Good luck to the rest of ZK! You are going to need it!


----------



## primetime76 (Feb 8, 2011)




----------



## max gas (Apr 11, 2011)

Nice looking sticks Kipp. These guys nuclear launches make my bombs look like their fired with a BB gun.:fear:


----------



## Rock31 (Sep 30, 2010)

quit yer bitchin!

Ron, Dave and Jim will obliterate anyone that stands in their way.


----------



## primetime76 (Feb 8, 2011)

I am actually super glad that Dave sent me that Sultan...I am going to smoke the Signature A in a little bit and will smoke the other Sultan soon as well...going to bring some Sultan samples down to my B&M and see if they will stock them.


----------



## NoShhhSherlock (Mar 30, 2011)

Nice Kipp!

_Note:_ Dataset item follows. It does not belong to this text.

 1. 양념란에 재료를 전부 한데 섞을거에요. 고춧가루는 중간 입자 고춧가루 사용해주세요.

The Zilla crew's karma is coming back to them, and they deserve every bit of it!


----------



## Rock31 (Sep 30, 2010)

primetime76 said:


> I am actually super glad that Dave sent me that Sultan...I am going to smoke the Signature A in a little bit and will smoke the other Sultan soon as well...going to bring some Sultan samples down to my B&M and see if they will stock them.

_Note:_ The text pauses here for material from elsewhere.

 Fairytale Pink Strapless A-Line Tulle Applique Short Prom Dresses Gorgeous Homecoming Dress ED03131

It is a good cigar, no need to try it just repackage it and send to me :boxing:


----------



## primetime76 (Feb 8, 2011)

Rock31 said:


> It is a good cigar, no need to try it just repackage it and send to me :boxing:


Sure thing Ray...I'll take this post down to the B&M and tell them "this cigar is heavily endorsed by the infamous Pink Pony"...and they will buy Ron out.:whoo:


----------



## WyldKnyght (Apr 1, 2011)

Very nice hit, congrats well deserved Kipp... :boxing:


----------



## Swany (Aug 20, 2010)

Man I HATE to see the Z K under attack. They are soooo great. LOL

Seriously though, great hit and enjoy those sticks.


----------



## Oldmso54 (Jul 31, 2010)

Very nice sticks there Captain but in reading the rest of your post we may, well... "To the Bomb Mobile"!


----------



## BlackandGold508 (Jan 23, 2011)

Enjoy Capt ! I got my ass handed to me today by Jenady, Shuckins, and Max Gas !!!!! Check the bomb thread !! Dodnt know Smelvis was in on this to !!! :scared:


----------



## djangos (Mar 14, 2011)

Damn I missed a bunch of stuff this morning!! Dave's after ZK?? And from what I gather, Jim managed to strike before our ordinance found their target?? I agree with Shawn and keith, to the bomb mobile!! 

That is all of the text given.